[INSTRUCTIONS TO FOLLOW] What you return should be the complete data below, word for word, with no pictures in it.

Stored records
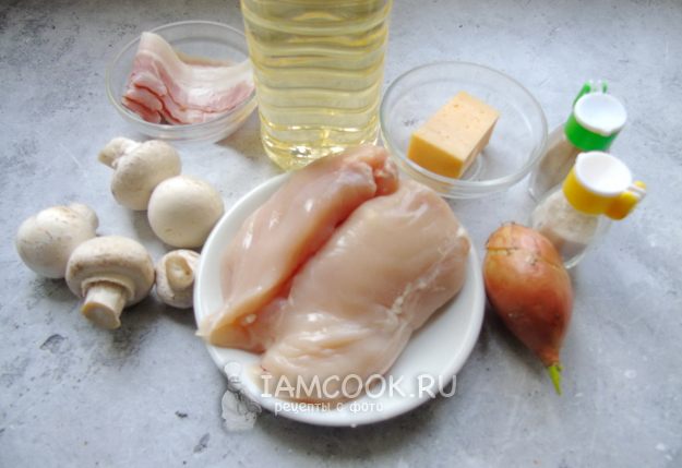 Соберите все ингредиенты для приготовления куриных рулетиков с грибами в беконе, которые перед вами - на фото.
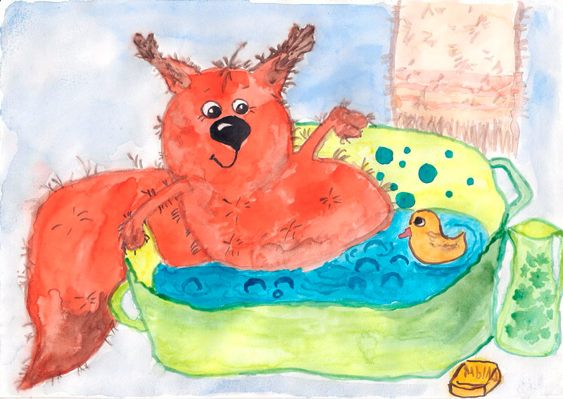 У белки банный день
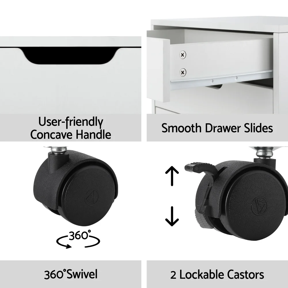 Artiss 5-Drawer Filing Cabinet, Mobile Rolling Storage Chest, Particle Board, White, 49x41x62cm, Locking Wheels
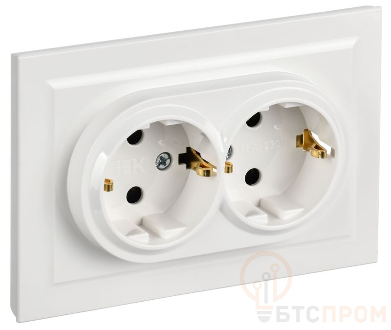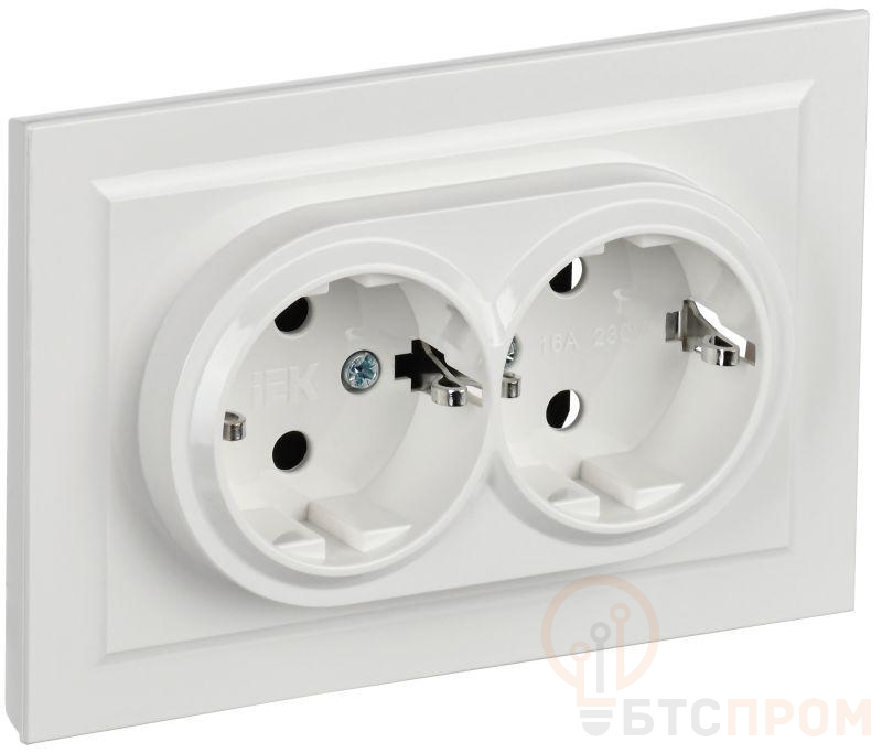 Розетка 2-м СП BRITE РСш12-3-БрБ 16А в сборе с заземл. защ. шторки бел. IEK BR-R24-16-K01-F-PRO фото в каталоге от BTSprom.by
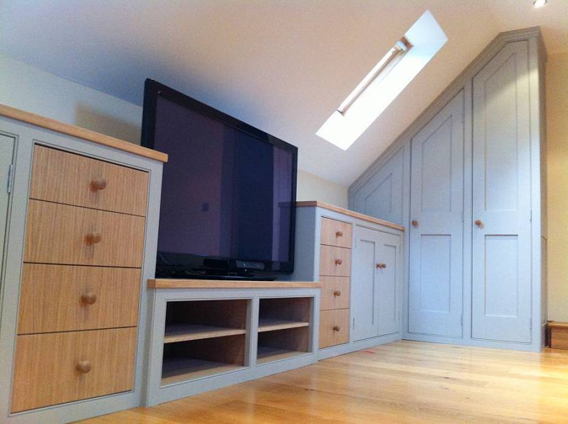 Совет: в местах, где потолок мансарды находится слишком низком, можно расположить ниши для хранения вещей, различные модульные шкафчики, стеллажи.

[RESULT OF THE EXERCISE]
 Соберите все ингредиенты для приготовления куриных рулетиков с грибами в беконе, которые перед вами - на фото.
 У белки банный день
 Artiss 5-Drawer Filing Cabinet, Mobile Rolling Storage Chest, Particle Board, White, 49x41x62cm, Locking Wheels
 Розетка 2-м СП BRITE РСш12-3-БрБ 16А в сборе с заземл. защ. шторки бел. IEK BR-R24-16-K01-F-PRO фото в каталоге от BTSprom.by
 Совет: в местах, где потолок мансарды находится слишком низком, можно расположить ниши для хранения вещей, различные модульные шкафчики, стеллажи.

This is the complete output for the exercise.